Hadiya, who arrived in the national capital on Saturday, has said she wanted to be with her husband. "I am a Muslim. I was not forced. I want to be with my husband," the 25-year-old woman, wearing a head scarf, shouted as she was being taken to an airport in Kerala for departure to Delhi.
Her father’s lawyer has said that no relevance should be given to what she has to say, claiming that Hadiya was “highly indoctrinated and brainwashed" and needs to come out of the “mental kidnapping".
Hadiya had converted to Islam and married a Muslim man named Shafin Jahan.
The direction by the apex court for producing the woman for an interaction came amid an assertion by the National Investigation Agency (NIA) that this was a case in which the woman was indoctrinated and she may be incapable of giving free consent to marriage.
A Supreme Court bench, comprising Chief Justice Dipak Misra and Justices AM Khanwilkar and DY Chandrachud, had asked senior advocate Shyam Divan, representing the father of the woman, to ensure she is produced before them to ascertain whether she had married of her own volition.
The NIA, represented by Additional Solicitor General Maninder Singh, had said there was a well-oiled machinery working in Kerala that was indoctrinating and radicalizing society in the state.
As many as 89 cases of similar nature have been reported from the southern state, the ASG had said.
Divan, appearing for woman's father KM Ashokan, claimed that Jahan was a radicalised man and several organisations like Popular Front of India were involved in radicalisation of society.
Senior advocate Kapil Sibal, counsel for Shafin Jahan, had opposed NIA's submission and that of the woman's father.
Hadiya, a Hindu, had converted to Islam and later married Jahan.

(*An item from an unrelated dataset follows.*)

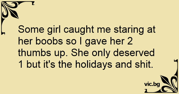 Some girl caught me staring at her воовs so I gave her 2 thumbs up. She only deserved 1 but it's the holidays and shiт.

It was alleged that she was recruited by ISIS' mission in Syria and Jahan was only a stooge.
Jahan had on September 20 approached the apex court seeking recall of its August 16 order, directing the NIA to investigate the controversial case of conversion and marriage of a Hindu woman with him.
Meanwhile, the Kerala government on October 7 told the Supreme Court that its police conducted a "thorough investigation" into her conversion and subsequent marriage to Jahan and did not find material warranting the transfer of probe to the National Investigation Agency.
Jahan had moved the Supreme Court after the Kerala high court annulled his marriage, saying it was an insult to the independence of women in the country.